--- Task description ---
Set down every entry word for word. Omit the pictures.

--- Given information ---
--------------------------------
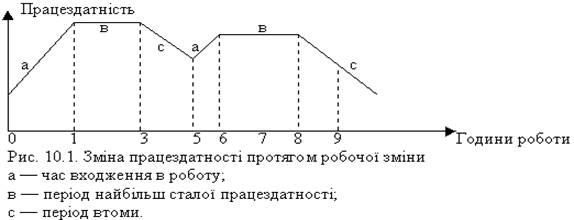 Важливим завданням у поліпшенні організації праці є встановлення найдоцільніших режимів праці та відпочинку. Розрізняють змінний, добовий, тижневий та місячний режими праці та відпочинку. Вони формуються з урахуванням працездатності людини, яка змінюється протягом доби (рис.1), що береться до уваги передусім у змінному та добовому режимах.
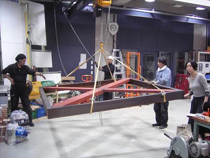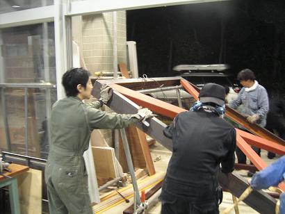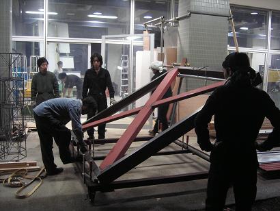 ステージの運び出しは工作室助手さん総出の作業でした。
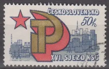 Parteitag der Kommunistischen Partei der ČSSR: Hammer und Sichel, Roter Stern, Stadtansicht von Prag
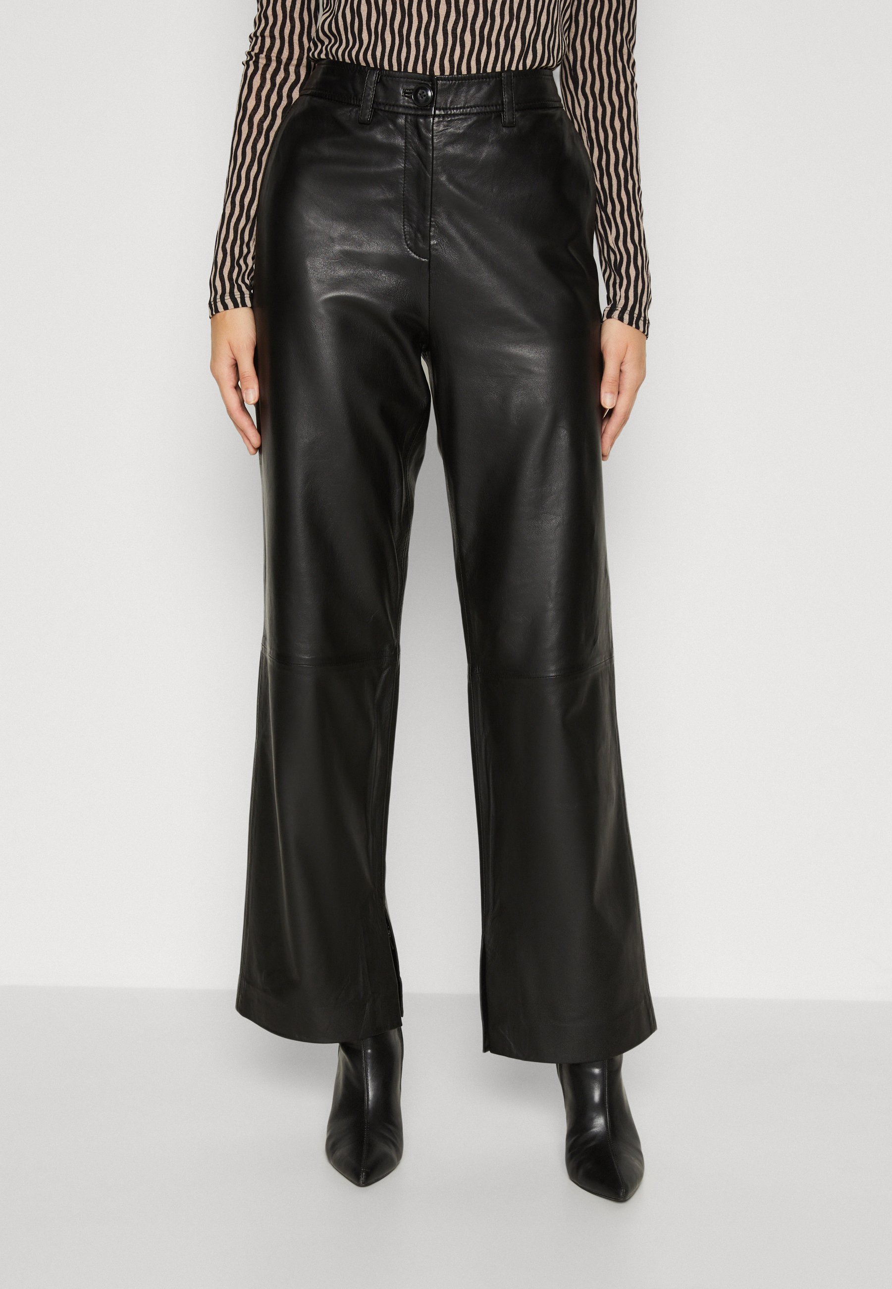 Lederhose wide leg clearance, Marc O'Polo PANTS WIDE LEG WITH INSIDE SIDE SLIT SIDE SEAM POCKETS - Lederhose - black/schwarz - Zalando.de clearance
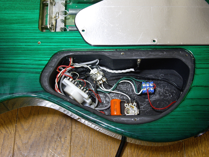 ノーマルでボリューム&トーン・ポッドが250kΩだったのを、500kΩのモノに換えて…
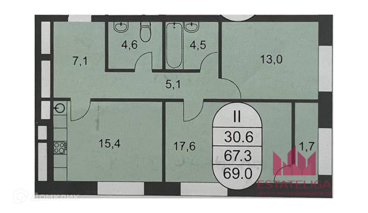 Жилая площадь 30.6 м2
--------------------------------
--- Solution to this exercise ---
 Важливим завданням у поліпшенні організації праці є встановлення найдоцільніших режимів праці та відпочинку. Розрізняють змінний, добовий, тижневий та місячний режими праці та відпочинку. Вони формуються з урахуванням працездатності людини, яка змінюється протягом доби (рис.1), що береться до уваги передусім у змінному та добовому режимах.
 ステージの運び出しは工作室助手さん総出の作業でした。
 Parteitag der Kommunistischen Partei der ČSSR: Hammer und Sichel, Roter Stern, Stadtansicht von Prag
 Lederhose wide leg clearance, Marc O'Polo PANTS WIDE LEG WITH INSIDE SIDE SLIT SIDE SEAM POCKETS - Lederhose - black/schwarz - Zalando.de clearance
 ノーマルでボリューム&トーン・ポッドが250kΩだったのを、500kΩのモノに換えて…
 Жилая площадь 30.6 м2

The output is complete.